**YOUR ASSIGNMENT**: Please copy, exactly and with no pictures, only the lines from the one containing "Camisola de malha fininha castanho Smf" through the last line of the records.

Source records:
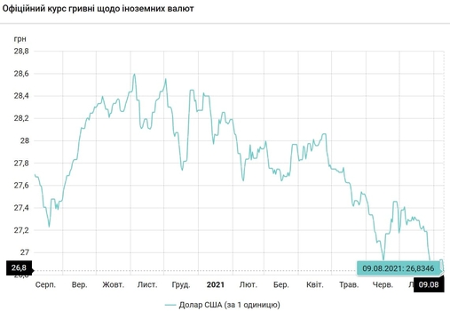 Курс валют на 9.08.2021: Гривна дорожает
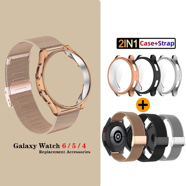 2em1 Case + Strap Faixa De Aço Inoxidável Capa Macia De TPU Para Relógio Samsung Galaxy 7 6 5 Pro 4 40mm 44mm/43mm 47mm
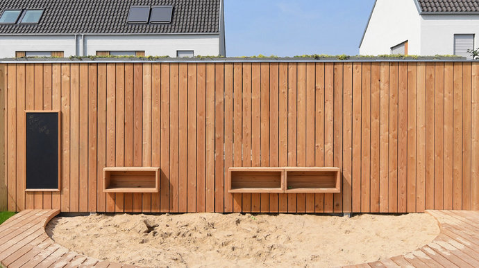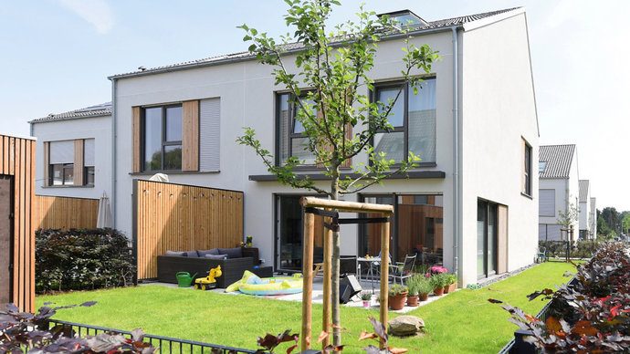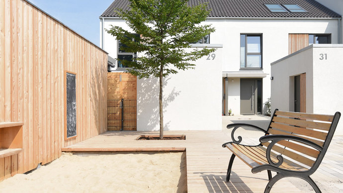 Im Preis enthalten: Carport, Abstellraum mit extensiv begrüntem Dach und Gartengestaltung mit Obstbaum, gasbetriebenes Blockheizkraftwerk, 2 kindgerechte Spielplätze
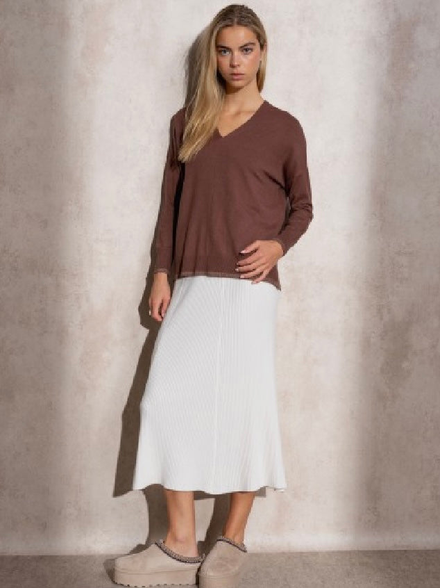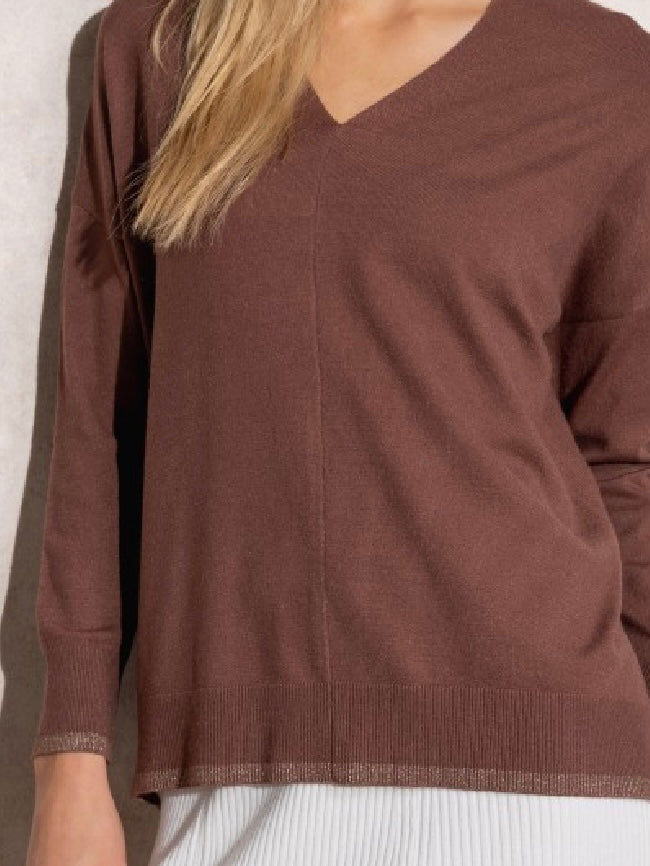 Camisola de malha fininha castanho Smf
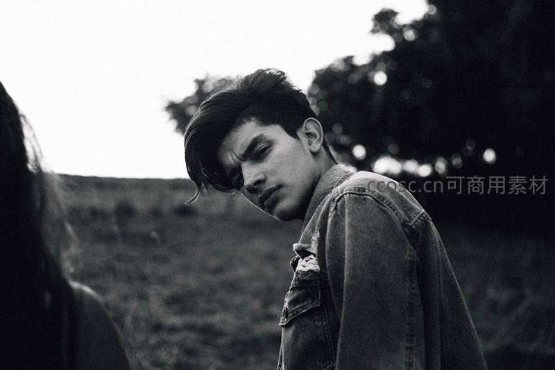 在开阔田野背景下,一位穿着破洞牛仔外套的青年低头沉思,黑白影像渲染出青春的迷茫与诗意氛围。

**EXPECTED ANSWER**:
 Camisola de malha fininha castanho Smf
 在开阔田野背景下,一位穿着破洞牛仔外套的青年低头沉思,黑白影像渲染出青春的迷茫与诗意氛围。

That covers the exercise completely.